We know that in general spherical harmonics of a unit vector $\hat{\mathbf{r}}$ is $Y_l^m(\hat{\mathbf{r}})=Y_l^m(\theta,\phi)$. I am interested to know what happens to this sperical harmonics if the dimension of the problem is changed to two dimension. Is it effectively the same as writing $Y_l^m(\theta,0)$?
[Math] spherical harmonics for the two dimensional case
spherical harmonics
Best Answer
For the 1D case (a circle in 2D), it turns out to be the classical Fourier basis. More specifically, the Laplace-Beltrami operator $\Delta_{\mathbb{S}^1}$ has eigenvalues $\lambda_k=-k^2$. Each one has eigenfunctions $w_1(\theta)=\cos(k\theta)$ and $w_2(\theta)=\sin(k\theta)$ (i.e. the classic Fourier basis). These form the "circular harmonics" (see here).

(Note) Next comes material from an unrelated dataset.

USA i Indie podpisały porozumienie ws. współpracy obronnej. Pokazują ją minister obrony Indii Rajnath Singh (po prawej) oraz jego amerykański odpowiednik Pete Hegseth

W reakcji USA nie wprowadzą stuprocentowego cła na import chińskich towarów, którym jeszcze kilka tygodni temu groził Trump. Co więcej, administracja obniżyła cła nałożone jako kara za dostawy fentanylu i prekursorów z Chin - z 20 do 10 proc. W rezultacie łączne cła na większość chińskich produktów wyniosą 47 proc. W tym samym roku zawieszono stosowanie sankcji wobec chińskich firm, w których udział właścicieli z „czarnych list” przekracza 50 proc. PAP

Concerning your question, recall that: $$ Y_\ell^m(\theta,\phi) = \mathcal{N}(\ell,m)\exp(im\theta)\,P^m_\ell[\cos(\phi)] $$ for some normalization $\mathcal{N}$. From this you can see $\phi=0$ won't quite be as you expect.

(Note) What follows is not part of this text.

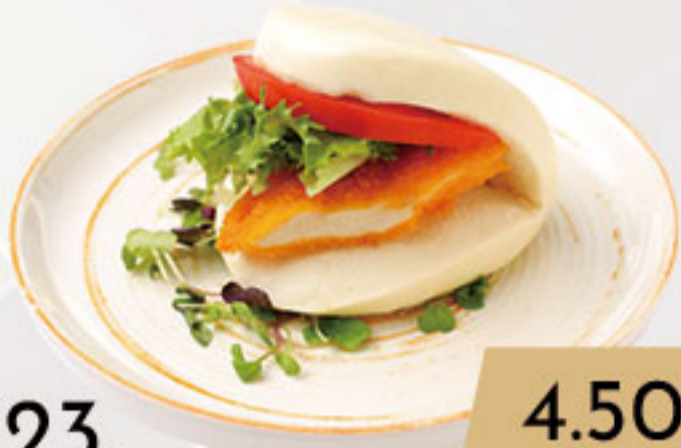
23. 4.50€ BAO DE POLLO

See Notes on Spherical Harmonics and Linear Representations of Lie Groups from Jean Gallier for more info.
Note that general spherical harmonics are defined on $\mathbb{S}^n$; i.e. in $n+1$-dimensional space. See Pseudodifferential Operators and Spectral Theory by Shubin, at the end of ch. 3 for instance.